Former international rugby star Ollie Phillips is joining rugby veterans, Tim Stimpson and Pat Sanderson, in a squad which is bidding to set a new Guinness World Record: playing the world’s most northerly rugby match at the 1996 Magnetic North Pole.
Phillips, the former England 7s, Gloucester and Stade Francais winger is no stranger to big adventures. Since injury forced his retirement, he has completed the gruelling Clipper sailing race around the Atlantic in the Great Britain team.
Speaking about the Arctic Rugby Challenge 2015 outside the House of Lords, where he was being introduced to fellow challengers, Ollie Phillips said:
“This is going to be a really serious challenge. Not only am I going to be playing rugby at the top of the world in temperatures hovering around minus 40 degrees Centigrade, but I am trekking there across the Arctic ice, sleeping in a flimsy tent and spending most of my energy staying warm.”
The Arctic Rugby Challenge is Wooden Spoon’s most extreme challenge to date and the squad will be aiming to set a new world record and raise around £500,000 for the projects supported by the charity. The Arctic Rugby Challenge is sponsored by LMAX Exchange and Quilter Cheviot are corporate partners.

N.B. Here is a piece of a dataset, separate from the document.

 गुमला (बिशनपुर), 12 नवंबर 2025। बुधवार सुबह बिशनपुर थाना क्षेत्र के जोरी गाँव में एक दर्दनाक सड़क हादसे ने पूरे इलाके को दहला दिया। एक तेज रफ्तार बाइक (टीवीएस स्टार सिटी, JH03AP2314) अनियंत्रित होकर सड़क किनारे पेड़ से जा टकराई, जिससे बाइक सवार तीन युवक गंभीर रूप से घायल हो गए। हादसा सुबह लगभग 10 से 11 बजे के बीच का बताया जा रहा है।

The challenge itself begins in April next year when the team flies to Resolute Bay, one of the most northerly communities in Canada. Ollie Phillips and the rest of the squad will undergo their final Arctic training before embarking on a 100 mile trek across sea ice to the 1996 Magnetic North Pole, playing a full 7-a-side match in conditions which have never been experienced in any rugby match before.
Ex-Lion Tim Stimpson, who will be captain of one of the teams, said: “We could look like the most unlikely of sportsmen, wearing our full polar kit underneath our rugby shirts. Trying to pass the ball in thick gloves will make the ball-handling pretty difficult. But it will be a piece of sporting history I would not want to miss.”
Speaking at a reception for Wooden Spoon in the House of Lords, Ollie Phillips said he hoped years of top flight rugby will be a good grounding for the challenge. “Getting to the Pole will need team work. Most of us know from our love of rugby how important that is for success. So at least we have something to draw on if the going gets tough.”
Wooden Spoon’s lead ambassador Phil Vickery was on hand to welcome Ollie and the other challengers to the House of Lords reception. He commented: “It is fantastic to see three former international rugby players committing to raise so much money for Wooden Spoon. This challenge is a terrific example of the spirit of rugby achieving great things for other people.”